Among the entries below, find every line that has "Night" and pull it out.

[Data excerpts]
┄┄┄┄┄┄┄┄┄┄

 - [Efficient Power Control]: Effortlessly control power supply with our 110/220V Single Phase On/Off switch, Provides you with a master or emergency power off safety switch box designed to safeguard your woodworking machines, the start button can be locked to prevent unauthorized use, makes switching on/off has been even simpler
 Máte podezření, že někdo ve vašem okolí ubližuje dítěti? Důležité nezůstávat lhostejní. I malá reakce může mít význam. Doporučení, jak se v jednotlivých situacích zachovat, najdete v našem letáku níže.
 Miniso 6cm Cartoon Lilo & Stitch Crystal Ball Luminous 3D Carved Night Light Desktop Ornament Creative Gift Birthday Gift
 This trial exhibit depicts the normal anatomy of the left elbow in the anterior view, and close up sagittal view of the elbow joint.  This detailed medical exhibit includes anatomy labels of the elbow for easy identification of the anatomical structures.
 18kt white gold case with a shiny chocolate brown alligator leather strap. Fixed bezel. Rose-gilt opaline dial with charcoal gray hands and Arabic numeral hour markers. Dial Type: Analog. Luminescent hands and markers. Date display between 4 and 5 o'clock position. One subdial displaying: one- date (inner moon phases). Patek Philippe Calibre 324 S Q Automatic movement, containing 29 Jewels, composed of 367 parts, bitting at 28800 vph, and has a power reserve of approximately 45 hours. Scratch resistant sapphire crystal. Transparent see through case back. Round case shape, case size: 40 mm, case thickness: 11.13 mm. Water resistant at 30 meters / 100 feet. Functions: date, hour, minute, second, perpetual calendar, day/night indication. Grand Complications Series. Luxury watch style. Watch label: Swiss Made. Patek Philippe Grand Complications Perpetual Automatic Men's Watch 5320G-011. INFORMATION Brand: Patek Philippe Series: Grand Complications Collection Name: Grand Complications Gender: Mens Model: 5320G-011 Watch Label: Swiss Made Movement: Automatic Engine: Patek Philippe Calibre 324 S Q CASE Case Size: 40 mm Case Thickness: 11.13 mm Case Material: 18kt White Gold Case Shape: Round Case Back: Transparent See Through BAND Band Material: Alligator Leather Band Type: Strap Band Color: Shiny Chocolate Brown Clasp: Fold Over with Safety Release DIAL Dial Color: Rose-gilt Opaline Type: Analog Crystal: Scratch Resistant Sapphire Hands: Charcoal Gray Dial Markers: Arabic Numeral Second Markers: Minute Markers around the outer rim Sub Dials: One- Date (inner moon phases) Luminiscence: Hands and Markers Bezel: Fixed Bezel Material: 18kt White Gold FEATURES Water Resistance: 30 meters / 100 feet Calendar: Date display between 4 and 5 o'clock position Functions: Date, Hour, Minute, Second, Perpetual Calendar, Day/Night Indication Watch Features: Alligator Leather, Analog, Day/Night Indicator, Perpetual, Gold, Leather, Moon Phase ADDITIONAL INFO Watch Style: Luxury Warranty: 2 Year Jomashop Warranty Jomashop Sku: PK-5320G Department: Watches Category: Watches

┄┄┄┄┄┄┄┄┄┄

Response to this exercise
 Miniso 6cm Cartoon Lilo & Stitch Crystal Ball Luminous 3D Carved Night Light Desktop Ornament Creative Gift Birthday Gift
 18kt white gold case with a shiny chocolate brown alligator leather strap. Fixed bezel. Rose-gilt opaline dial with charcoal gray hands and Arabic numeral hour markers. Dial Type: Analog. Luminescent hands and markers. Date display between 4 and 5 o'clock position. One subdial displaying: one- date (inner moon phases). Patek Philippe Calibre 324 S Q Automatic movement, containing 29 Jewels, composed of 367 parts, bitting at 28800 vph, and has a power reserve of approximately 45 hours. Scratch resistant sapphire crystal. Transparent see through case back. Round case shape, case size: 40 mm, case thickness: 11.13 mm. Water resistant at 30 meters / 100 feet. Functions: date, hour, minute, second, perpetual calendar, day/night indication. Grand Complications Series. Luxury watch style. Watch label: Swiss Made. Patek Philippe Grand Complications Perpetual Automatic Men's Watch 5320G-011. INFORMATION Brand: Patek Philippe Series: Grand Complications Collection Name: Grand Complications Gender: Mens Model: 5320G-011 Watch Label: Swiss Made Movement: Automatic Engine: Patek Philippe Calibre 324 S Q CASE Case Size: 40 mm Case Thickness: 11.13 mm Case Material: 18kt White Gold Case Shape: Round Case Back: Transparent See Through BAND Band Material: Alligator Leather Band Type: Strap Band Color: Shiny Chocolate Brown Clasp: Fold Over with Safety Release DIAL Dial Color: Rose-gilt Opaline Type: Analog Crystal: Scratch Resistant Sapphire Hands: Charcoal Gray Dial Markers: Arabic Numeral Second Markers: Minute Markers around the outer rim Sub Dials: One- Date (inner moon phases) Luminiscence: Hands and Markers Bezel: Fixed Bezel Material: 18kt White Gold FEATURES Water Resistance: 30 meters / 100 feet Calendar: Date display between 4 and 5 o'clock position Functions: Date, Hour, Minute, Second, Perpetual Calendar, Day/Night Indication Watch Features: Alligator Leather, Analog, Day/Night Indicator, Perpetual, Gold, Leather, Moon Phase ADDITIONAL INFO Watch Style: Luxury Warranty: 2 Year Jomashop Warranty Jomashop Sku: PK-5320G Department: Watches Category: Watches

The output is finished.